# My newfie bit another dog....NEED INFO



## katdog5911 (Sep 24, 2011)

Just another day in paradise.... 
So today my dh and I took Stella (GSD) and Ruben (newfie cross) for a walk in a local park. Stella was on a long line, and had a prong with a tab on. My dh let Ruben off leash. Another dog came along and Ruben ran over. I "reeled" Stella in and had her sit. I knew things were not going well when I heard lots of shouting and barking. Stella was quite agitated and was barking and whining but she stayed sitting. (I was holding her with the tab/prong). I tried to distract her by giving her commands....she complied, not happily and of course was very distracted, and I had to "remind" her to sit several times. But all in all I thought she did ok considering she couldn't see what was going on, but could hear. Anyhow what happened, according to dh, was that Ruben was sniffing other dog. Other dog started to walk away, and Ruben went after it. The other owner jumped on Ruben, and my dh was able to grab Ruben. Unfortunately, the other dog owner hurt his hand when he jumped on Ruben. And his dog has a cut over his eye. My dh is so upset. I am upset too and angry with my dh. I NEVER let Ruben or Stella off leash. But dh doesn't listen to me about that. Thinks I am being too careful or whatever. So here we are. 
I am wondering what we are legally responsible for. Certainly want to pay any out of pocket expenses the other owner might have. And I am guessing a dog/dog bite is different that dog/human bite. My dh is worried about being sued or whatever. Anyone have any thoughts?
Maybe dh will finally understand that dogs need to be leashed!!! And I hope this doesn't set back Stella as far as her reactivity goes. After we got back home I took her for a walk by herself, did some heeling and sit exercises, in hopes that she would settle down a bit after all the excitement.


----------



## Caitydid255 (Aug 28, 2010)

Did you exchange info with the other dog owner? 

As this was a dog/human incident it is possible, and in today's litigious climate, probable, that a lawsuit may arise. In CT someone has 2 years from the date of the incident to file suit. There really is no point in going to a lawyer and spending money until you are served with a suit or if the police somehow become involved. Also don't be surprised if animal control shows up at your house and has you quarantine your dog, even with full vaccination records. 

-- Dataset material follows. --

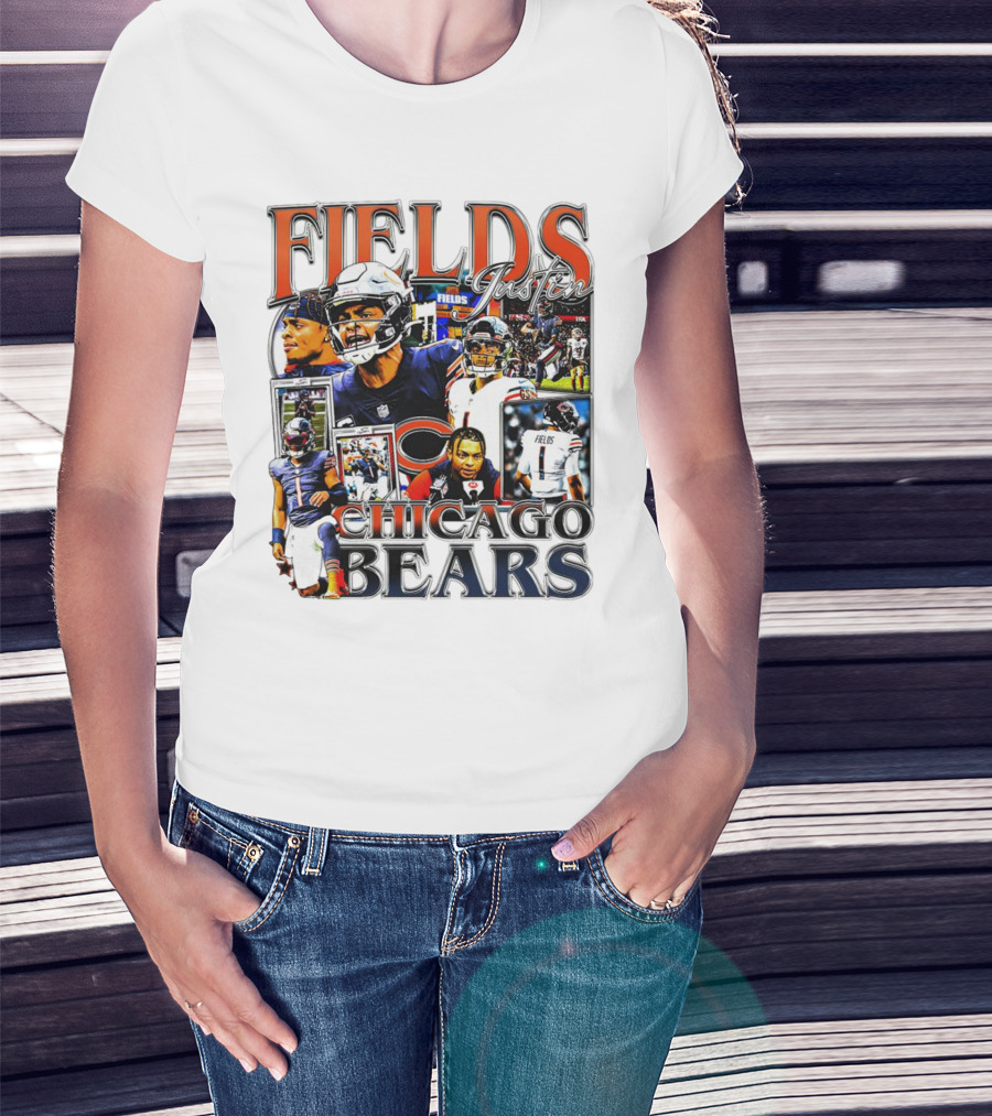 The Fields Justin Chicago Bears Football T-shirt is designed for everyday wear and a consistent fit. Fabric is pre-shrunk ring-spun cotton with durable stitching. See the size chart below for exact measurements.

You can PM me if you have questions.


----------



## Cheyanna (Aug 18, 2012)

I am not a Connecticut attorney, but it sounds like you would be liable. You should pay the man's and dog's medical bills. Make sure you see the bills, so he is not having you pay for things the dog needs anyway, like vaccinations. I am guessing that there is a leash law where you live, so you might get a ticket for that.


----------



## JakodaCD OA (May 14, 2000)

I would offer to pay for the dogs medical and the man's medical as well, (well I would have YOUR HUSBAND OFFER

Apologize profusely and hopefully that will be the end of it.. The guy didn't get bit right? just hurt his hand hopefully..

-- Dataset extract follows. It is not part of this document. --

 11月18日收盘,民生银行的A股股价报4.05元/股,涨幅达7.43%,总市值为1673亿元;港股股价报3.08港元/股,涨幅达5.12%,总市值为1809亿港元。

Yep bad husband bad husband


----------



## llombardo (Dec 11, 2011)

The hand on the man was not a dog bite? The cut on the other dog was from the dog? To save problems I would pay for it. Hopefully everyone is okay.


----------



## Stevenzachsmom (Mar 3, 2008)

I'm so sorry. Why, oh why won't they listen? How was the man's hand hurt? Was it a cut or a sprain? Hopefully neither his injury, nor his dogs' was serious and he will be honest. There are some really nice people out there. When my daughter was 17 and a new driver, she rear-ended an older couple. Did quite a bit of damage to their car. My daughter was already crying. The lady gave her a hug and told her to have her Dad give them a call. So yeah - it does happen. I hope this is a dog owner who understands that stuff happens sometimes.


----------



## katdog5911 (Sep 24, 2011)

Yes, exchanged info. Already sent copy of Ruben's rabies certificate to other owner. Offered to pay for any out of pocket expenses....for man and dog.
Ruben did NOT bite the other owner. He has never ever had any kind of human aggressiveness. The man jumped on Ruben and must have landed on his hand in a bad way. I would have done something to protect my dog if it were me too. Yes there are leash laws. In this park there are a lot of off leash dogs, so it wouldn't be uncommon to have your dog off leash. I do not allow Stella off leash. The 30 foot line works for us. Maybe one day if she has perfect recall...
One of my biggest annoyances when walking Stella is another owner like my dh.


----------



## wyominggrandma (Jan 2, 2011)

Probably will not matter how the man hurt his hand, if it was injured while trying to protect HIS dog from your dog that was off leash and attacking his dog, you are liable. And it won't be just "out of pocket expenses". If the guy sues, which he probably will, you can get stuck with hospital expenses, both for him and dog, loss of wages, pain and suffering. etc.
The judge will most likely say" if your dog had not been off leash, if your dog hadn't started being aggressive, the man would not have hurt himself trying to protect his dog".. Lucky it was not a kid or elderly person walking a dog.
I would expect a lawsuit, especially in today's sue happy world.


----------



## katdog5911 (Sep 24, 2011)

Had an update from owner....his finger got dislocated, put back in place at ER. Dog has cut near eye. The plan is to take their dog to vet next week as a precaution. Hope no law suit comes into play, but I know how litigious our society is. 
I know when my son was assaulted by his room mate last year, we could have done all kinds of things legally. He sucker punched my son causing 3 broken teeth that required root canal/cap, and stitches in various places. Not to mention a week of missed classes. But we decided to just get reimbursed for our out of pocket expenses. Hope these folks are like minded.
And I really hope my dh will listen to me about the dogs in the future!!!!


----------



## gsdsar (May 21, 2002)

Be upfront. Offer to pay hospital expenses. Stay in communication. Best way to avoid a lawsuit, take responsibility and follow through. If he start demanding weird things consult a lawyer. But if its just hospital bills and the dogs check up. Just pay it. 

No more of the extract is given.